• _How to complete this task_: Skip the pictures and write out, word for word, the lines below from the one with "SABALENKA (Ecu-2022) hembra" through the one with "Beige 60cm Round", inclusive.

• _Task material_:
########################################

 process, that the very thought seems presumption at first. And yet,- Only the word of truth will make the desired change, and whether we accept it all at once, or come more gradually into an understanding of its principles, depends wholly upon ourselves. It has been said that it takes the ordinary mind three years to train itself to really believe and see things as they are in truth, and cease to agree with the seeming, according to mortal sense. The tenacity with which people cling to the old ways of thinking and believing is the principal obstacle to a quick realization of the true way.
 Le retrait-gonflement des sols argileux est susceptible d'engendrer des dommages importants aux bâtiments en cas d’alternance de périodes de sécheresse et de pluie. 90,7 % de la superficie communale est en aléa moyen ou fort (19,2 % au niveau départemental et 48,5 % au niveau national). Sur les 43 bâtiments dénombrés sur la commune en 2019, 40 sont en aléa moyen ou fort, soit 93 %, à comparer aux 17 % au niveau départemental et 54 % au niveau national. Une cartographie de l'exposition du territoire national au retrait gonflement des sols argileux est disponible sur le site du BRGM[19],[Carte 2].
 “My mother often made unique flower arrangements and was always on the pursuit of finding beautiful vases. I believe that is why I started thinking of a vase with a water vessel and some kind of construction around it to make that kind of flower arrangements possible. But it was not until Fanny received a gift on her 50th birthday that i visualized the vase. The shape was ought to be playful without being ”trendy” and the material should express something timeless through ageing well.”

########################################

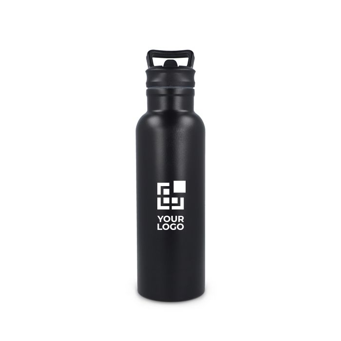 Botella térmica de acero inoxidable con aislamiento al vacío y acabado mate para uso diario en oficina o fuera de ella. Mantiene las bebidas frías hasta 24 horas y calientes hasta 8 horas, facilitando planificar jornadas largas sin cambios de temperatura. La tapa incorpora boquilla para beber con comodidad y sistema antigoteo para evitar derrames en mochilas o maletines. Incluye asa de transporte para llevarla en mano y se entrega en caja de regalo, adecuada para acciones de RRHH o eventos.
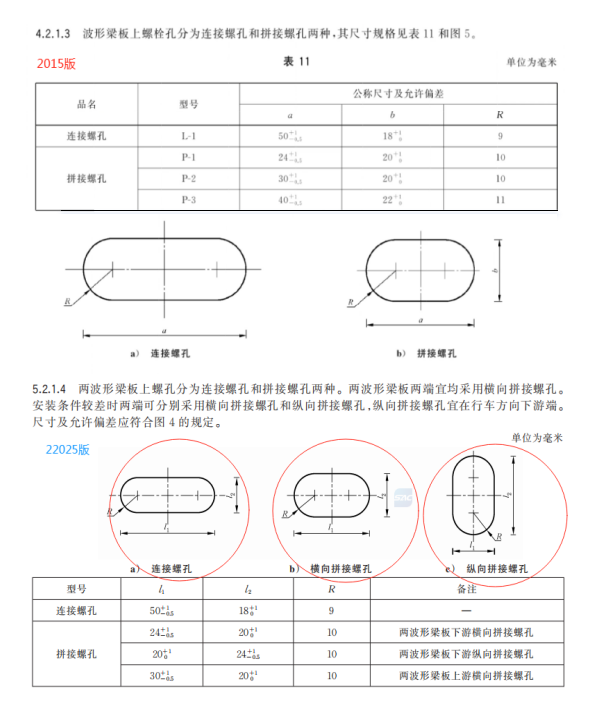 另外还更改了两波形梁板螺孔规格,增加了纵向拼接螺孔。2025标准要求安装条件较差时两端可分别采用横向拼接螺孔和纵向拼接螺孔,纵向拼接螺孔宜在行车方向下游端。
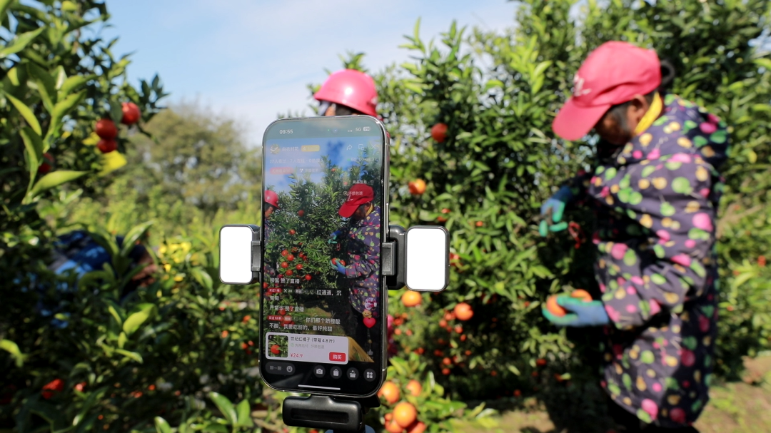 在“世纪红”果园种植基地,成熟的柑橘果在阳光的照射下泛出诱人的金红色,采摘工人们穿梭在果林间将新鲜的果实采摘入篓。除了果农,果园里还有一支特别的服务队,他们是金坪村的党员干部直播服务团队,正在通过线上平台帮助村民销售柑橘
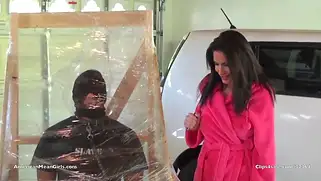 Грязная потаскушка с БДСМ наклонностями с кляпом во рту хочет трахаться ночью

########################################

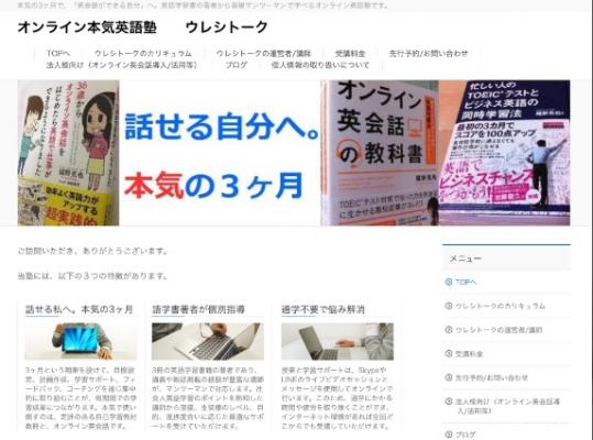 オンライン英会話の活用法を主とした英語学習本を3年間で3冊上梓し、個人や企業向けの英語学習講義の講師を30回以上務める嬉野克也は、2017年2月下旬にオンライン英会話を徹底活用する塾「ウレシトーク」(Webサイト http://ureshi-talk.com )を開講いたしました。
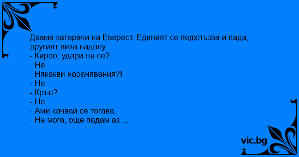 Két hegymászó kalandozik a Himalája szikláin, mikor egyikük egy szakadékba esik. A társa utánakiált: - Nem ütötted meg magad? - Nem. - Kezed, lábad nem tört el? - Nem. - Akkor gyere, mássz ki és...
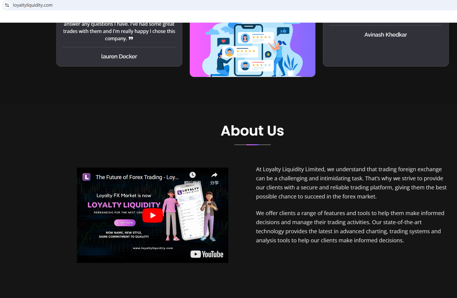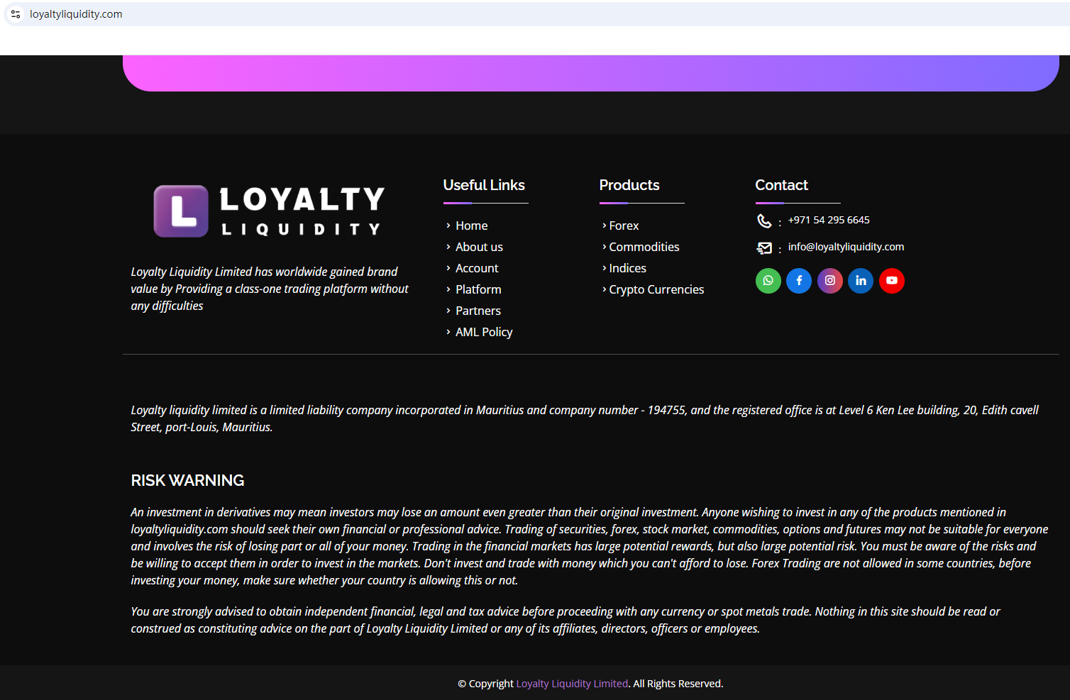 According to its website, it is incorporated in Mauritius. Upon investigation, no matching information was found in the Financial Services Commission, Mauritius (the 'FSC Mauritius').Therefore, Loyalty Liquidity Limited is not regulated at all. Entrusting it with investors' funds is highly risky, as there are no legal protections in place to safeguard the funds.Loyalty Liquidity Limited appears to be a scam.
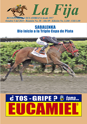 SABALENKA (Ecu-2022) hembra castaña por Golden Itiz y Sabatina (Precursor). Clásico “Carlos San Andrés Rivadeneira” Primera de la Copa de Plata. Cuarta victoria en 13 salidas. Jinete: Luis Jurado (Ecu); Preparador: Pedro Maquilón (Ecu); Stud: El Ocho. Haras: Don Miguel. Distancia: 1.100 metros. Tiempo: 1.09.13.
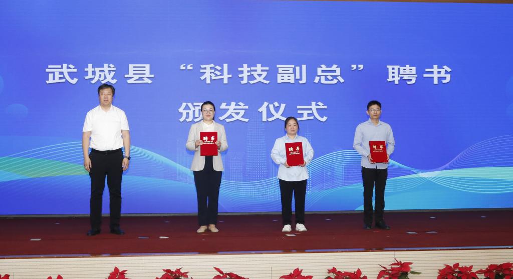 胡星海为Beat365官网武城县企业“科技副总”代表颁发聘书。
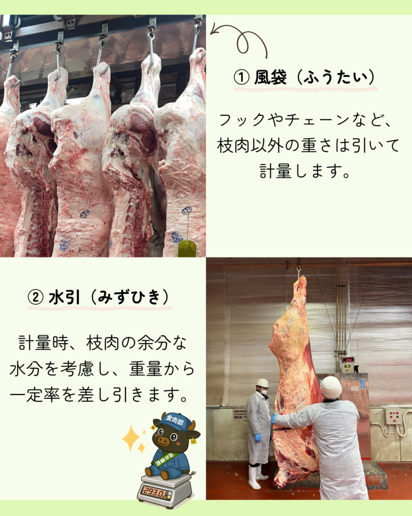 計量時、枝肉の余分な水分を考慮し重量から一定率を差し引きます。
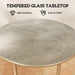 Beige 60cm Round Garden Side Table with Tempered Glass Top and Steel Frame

########################################

• _Result below_:
 SABALENKA (Ecu-2022) hembra castaña por Golden Itiz y Sabatina (Precursor). Clásico “Carlos San Andrés Rivadeneira” Primera de la Copa de Plata. Cuarta victoria en 13 salidas. Jinete: Luis Jurado (Ecu); Preparador: Pedro Maquilón (Ecu); Stud: El Ocho. Haras: Don Miguel. Distancia: 1.100 metros. Tiempo: 1.09.13.
 胡星海为Beat365官网武城县企业“科技副总”代表颁发聘书。
 計量時、枝肉の余分な水分を考慮し重量から一定率を差し引きます。
 Beige 60cm Round Garden Side Table with Tempered Glass Top and Steel Frame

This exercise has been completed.